The cycle is recursive:

  • Action changes the environment.
  • The environment produces new observations.
  • Observation begins the cycle again.

This makes the loop continuous and suitable for multi-agent interaction.


Comparative Mapping

Stage AgentFarm (O–P–C–A) OODA Loop (Boyd) Sense–Plan–Act (Robotics) World Models (Ha & Schmidhuber / Dreamer)
Observation Raw data from environment Observe Sense Raw obs
Perception Encoders transform input into latent features Orient (folded into Sense) Encoder → latent
Cognition World model, memory, goals, planning, policy Decide Plan Latent dynamics + controller
Action Synthesized and committed action Act Act Decoder/actor produces action
Feedback Explicit cyclical loop Iterative O–O–D–A Sequential SPA cycles Closed loop: encode → rollout → act

Design Principles

  1. Explicit Observation vs.
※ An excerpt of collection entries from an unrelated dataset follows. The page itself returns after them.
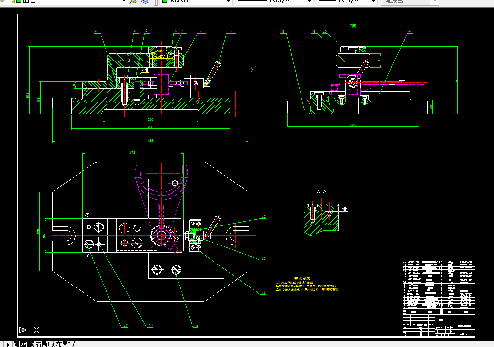 此次设计是对高低档的拨叉零件的加工工艺和夹具设计,其零件为铸件,具有体积小,零件复杂的特点,由于面比孔易加工,在制定工艺规程时,就先加工面,再以面为基准来加工其它,其中各工序夹具都采用专用夹具,特别的对于加工大头孔、槽和钻小头孔斜面小孔的工序中,选一面两销的定位方式,并以操作简单的手动夹紧方式夹紧,其机构设计简单,方便且能满足要求。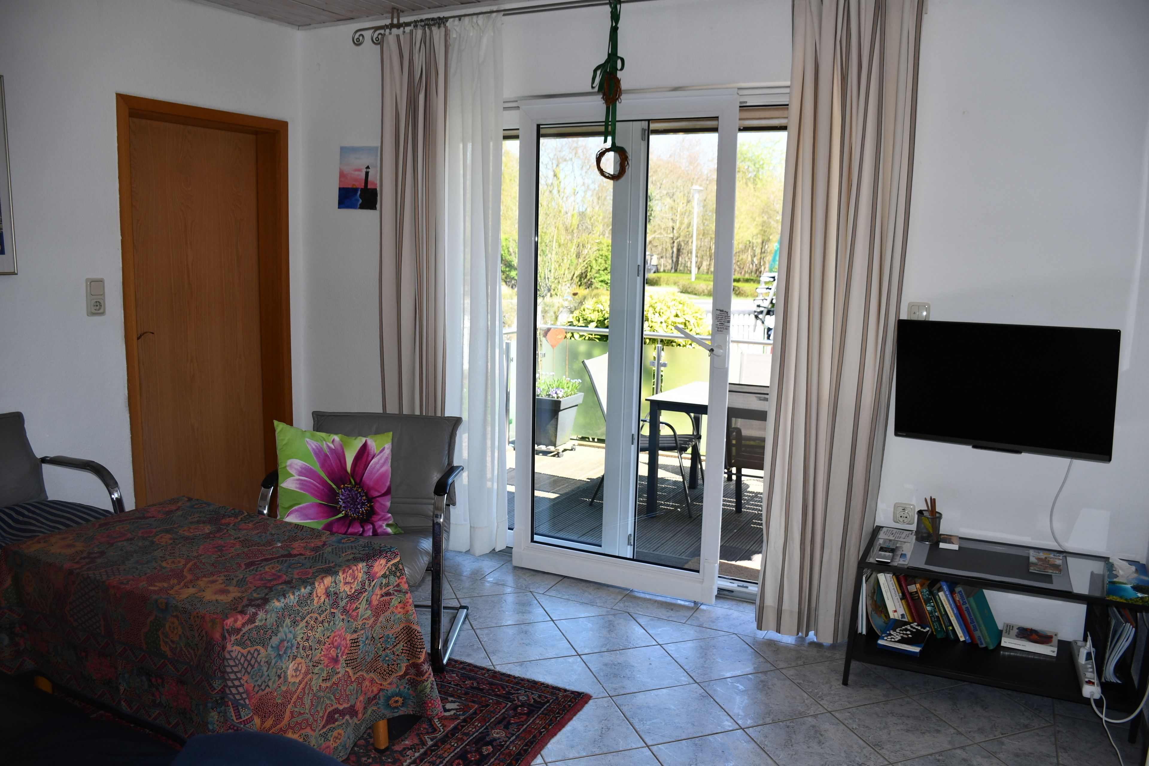 Die Ferienwohnung liegt nur 200 Meter vom Strand entfernt, der Deich- und Strandzugang ist mit einer Rampe ausgestattet und somit auch mit dem Rollator oder Kinderwagen gut zu meistern.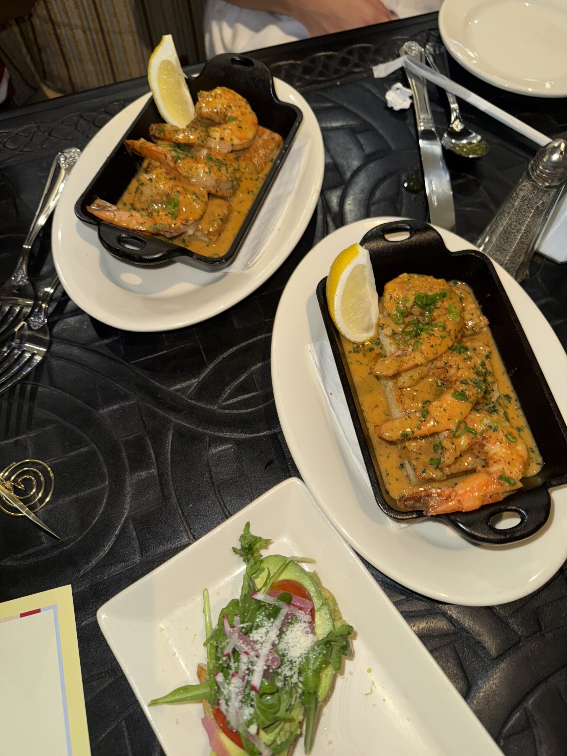 Spice lovers should indulge in the New Orleans Creole Shrimp. As savory as it gets, this flavorful dish is drenched in sauce begging to be sopped up with the buttery, toasted bread bed in true NOLA fashion.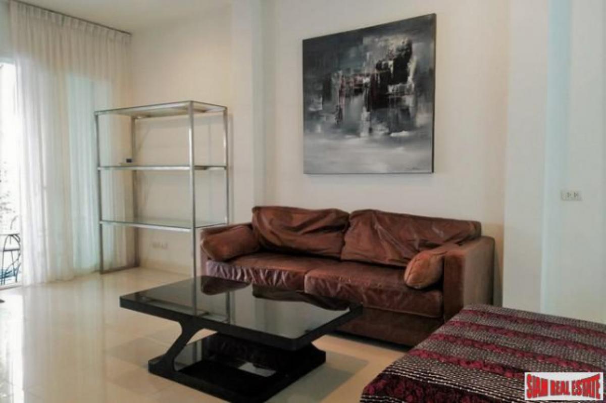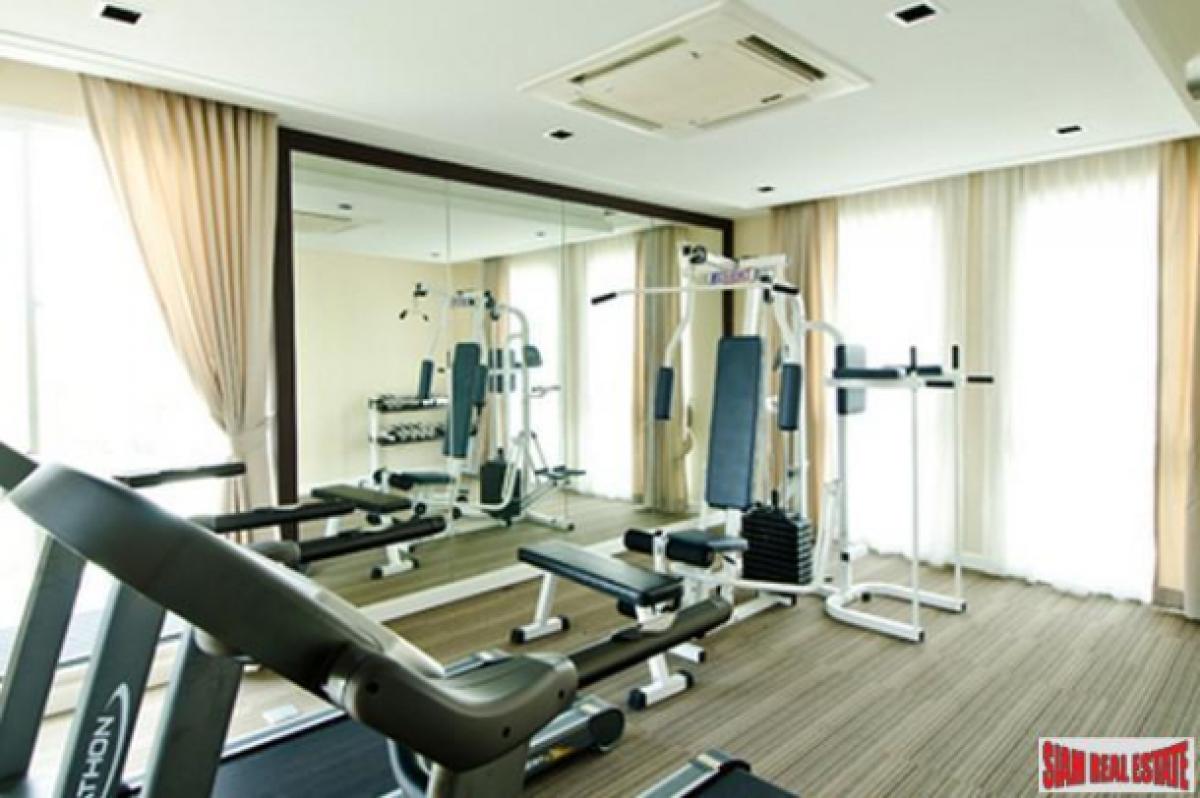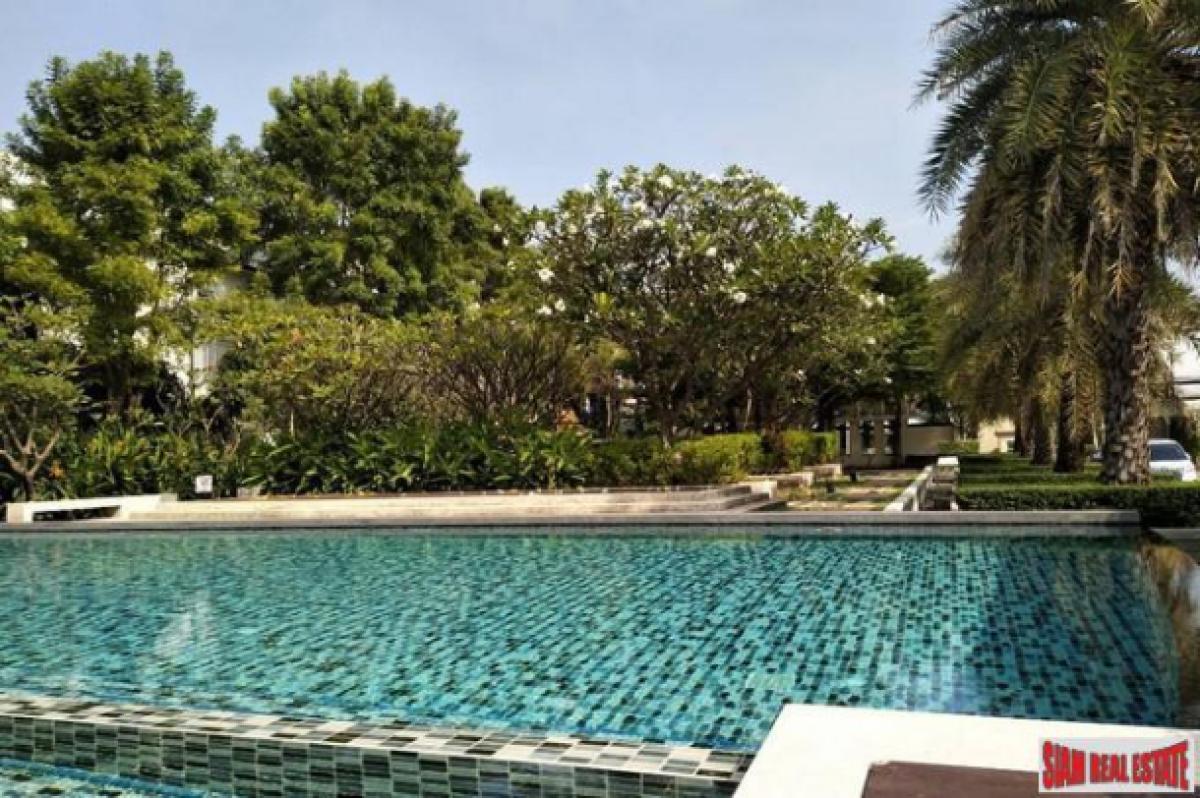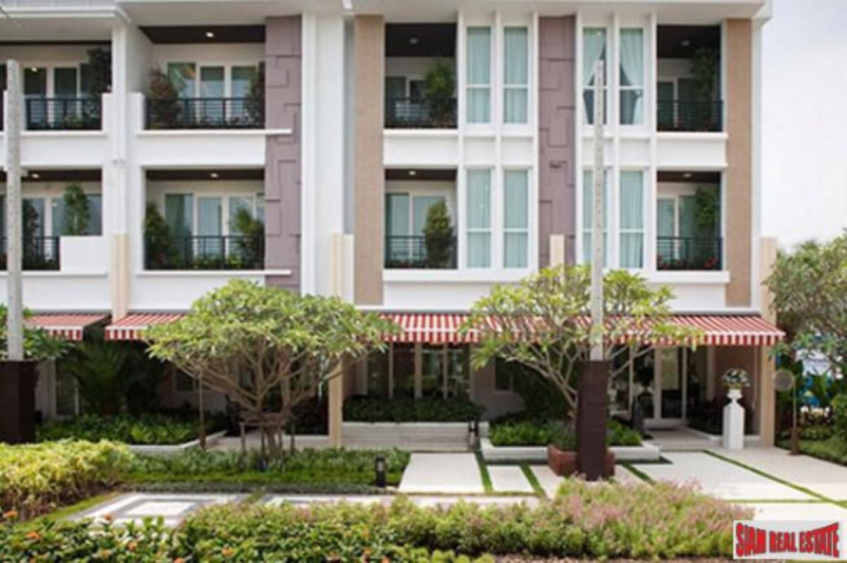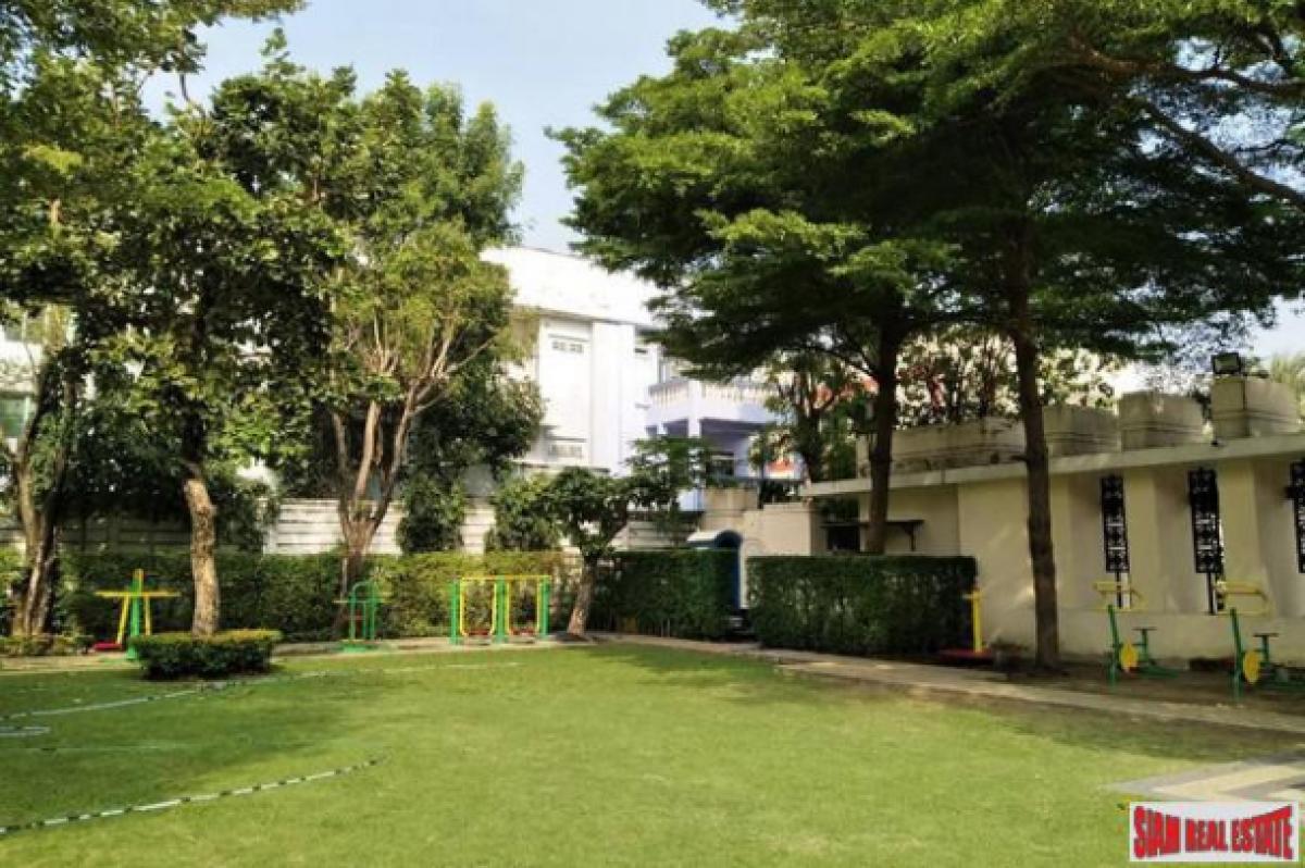 A wonderful family style house is for sale in the Baan Klang Muang S-Sense Rama 9-Ladprao. This is a three bedroom, three bath corner house that is modern and fully equipped. The estate is safe and secure and has excellent facilities for everyone.The living room is spacious and includes a sofa, coffee table, TV. There is a dining area adjacent and has a window with garden views. The western kitchen is nearby and includes a stovetop, microwave and refrigerator. The house also includes a utility area with a washing machine.
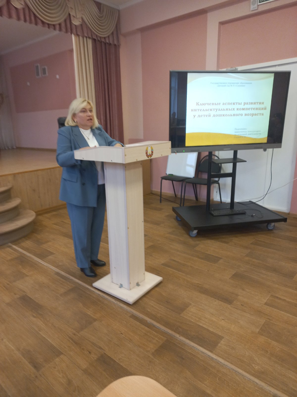 24.10.2025 года заместитель заведующего по основной деятельности Свороб Светлана Ивановна приняла участие в постоянно действующем семинаре детский сад-начальная школа, который проходил на базе ГУО " Средняя школа № 4 имени П.И.Батова г.Слонима". Светлана Ивановна представила опыт работы нашего учреждения по развитию интеллектуальных способностей детей дошкольного возраста.

Perception
    • Keeps raw environment data separate from learned feature extraction.
    • Supports ablation: symbolic envs may skip perception entirely.
  2. Composable Cognition
    • Cognition is not a black box.
    • Submodules: memory, world model, goals, planning, and decision heads.
    • Allows experiments with modular swaps (e.g., memory on/off).
  3. First-Class Memory
    • Explicit read/write interface with episodic, semantic, and genetic tiers.
    • Agents can learn to use or ignore memory as needed.
  4. Intrinsic Motivation
    • Entropy, curiosity, and autonomy are baked into cognition.
    • Goes beyond extrinsic task rewards.
  5. Feedback and Recursion
    • Action is not terminal: it’s part of a closed loop.
    • Agents can reorient perception and cognition based on their own prior actions.

Diagram

flowchart TD
    O[Observation<br/>Raw Input] --> P[Perception<br/>Encoding & Attention]
    P --> C[Cognition<br/>Memory • World Model • Policy]
    C --> A[Action<br/>Actuation & Safety]
    A --> O

Minimal Implementation

For early experiments, a minimal viable loop can be implemented:

  1. Sense → 2. Encode → 3. Policy → 4. Act

Then expand with:

  • Attention/salience
  • World model
  • Memory
  • Intrinsic reward modules
  • Rollout-based planning

Future Work

  • Attention Mechanisms: Add adaptive focus on relevant observations.
  • Multi-Agent Cognition: Shared memory pools, communication protocols.
  • Hierarchical Cognition: Split cognition into fast reactive vs. slow deliberative heads.
  • Emotion/Affect Layer: Valence and drive modulation across the loop.
  • Meta-Learning: Agents that evolve their own loop structure over time.

Summary

The AgentFarm loop is both classical and novel:

  • Classical in its resemblance to OODA, SPA, and World Models.
  • Novel in its explicit observation-perception split, modular cognition, and entropy-driven design.

This structure ensures AgentFarm agents are both research-friendly (fine-grained, ablatable) and scalable (suited to large populations in simulation).